Старик замер, запрокинул голову и принюхался. Я тоже остановился. Глухой голос капитана подействовал на меня гипнотически – внезапно я почувствовал пустоту в желудке, и меня затошнило.

Так начинается эта история, и я бы очень хотел, чтобы в ней нашлось место для моего отца, чтобы он был рядом и поддерживал меня, тогда бы я не чувствовал себя таким беззащитным, оставаясь один на один с капитаном Блаем, его бредовыми фантазиями и моими собственными мечтами. Но отец домой не вернулся и считался пропавшим без вести. Я вновь представил себе, как он лежит на дне окопа, а снежинки, медленно падая с неба, укрывают его тело… Потом я задумался о загадочных словах старого сумасброда. Я покорно шел за ним следом к киоску на площади Ровира, как вдруг, проходя мимо дома номер восемь, между продуктовой лавкой и аптекой, капитан снова встал как вкопанный и повел чутким носом, прятавшимся под слоем бинтов.

– Неужели ты не чувствуешь этот жуткий смрад, парень? – произнес он. – Должно быть, твой нежный носик, привыкший к церковному ладану да кислому поту сутан, уже не различает обычную вонь!.. – Он осекся и, вытянув шею, засопел, как норовистый конь. – Что же это такое, тухлые яйца или кошачье дерьмо? Нет, пожалуй, тут дело посерьезнее… Пахнет возле подъезда. Я знаю, что это! Это газ! Нищета так не смердит – это воняет газ!

Из подвала и в самом деле несло нищетой, по ночам там прятались бродяги, однако капитан быстро разобрался, что к чему, и заявил, что запах идет не оттуда, а из трещин в тротуаре, сквозь которые пробивалась жалкая, чахлая травка.

Предупредить соседей взялся он сам, поговорил с продавцом из киоска, с аптекарем, с пассажирами на трамвайной остановке, и, хотя все знали, что он всего-навсего старый маразматик, отныне каждый, кто оказывался неподалеку от злополучного подъезда, принюхивался и, к своему ужасу, чувствовал запах газа. Женщины всполошились, кто-то позвонил в газовую компанию.

– Я знаю, в чем дело, – продолжал неугомонный старикан, войдя в таверну на площади, – лопнула труба и вонючий газ вытекает сквозь трещину. Это очень опасно, сеньоры, мы должны обходить это место стороной, а еще лучше – разойтись по домам и не высовывать носа… А главное, ни в коем случае не закуривать рядом с киоском, запомните, ребята.
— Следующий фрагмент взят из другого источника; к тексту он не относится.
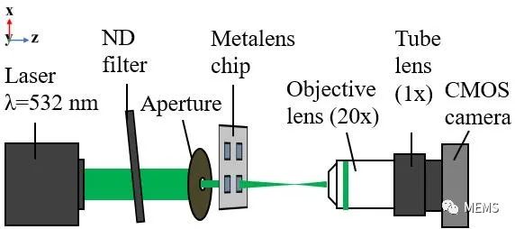圖4 超構透鏡的焦點觀測的設置示意圖

– И прежде всего, – перебил капитана его приятель сеньор Сукре, обращаясь к местным завсегдатаям, которые слушали разговор и недоверчиво усмехались, – нужно избегать пламенных взглядов, мятежных мыслей и прочей горючей гадости, которая в нас до сих пор сидит. Надо быть очень, очень осмотрительными! И старая торговка каштанами со своей жаровней и змеиным языком тоже весьма опасна. Одно ее гадючье слово, и – бабах! – все мы в аду.

– За собой бы следили, – проворчал водитель трамвая, попивая орухо.[1]1
  Орухо – крепкий спиртной напиток.


[Закрыть]
– Ведь это вы жжете газеты за киоском! В один прекрасный день все мы взлетим на воздух вместе с трамвайной остановкой и фонтаном…

– Скажи мне, зануда, а не для того ли мы пришли в этот мир, чтобы нас подняло в воздух и разорвало в клочья? – набросился на него капитан, размахивая руками, будто ветряная мельница, и пританцовывая на засыпанном опилками и оливковыми косточками полу. Бинт на его голове сбился, возле уха торчал неопрятный клок пожелтевшей ваты. – Так что, когда вас разорвет на тысячу кусков, дружище, вы сразу почувствуете себя гораздо лучше!

– Что ж, может, так оно и случится, – проговорил вагоновожатый и, глядя на меня, добавил: – Уводи-ка ты его отсюда, парень. Очень уж надоел.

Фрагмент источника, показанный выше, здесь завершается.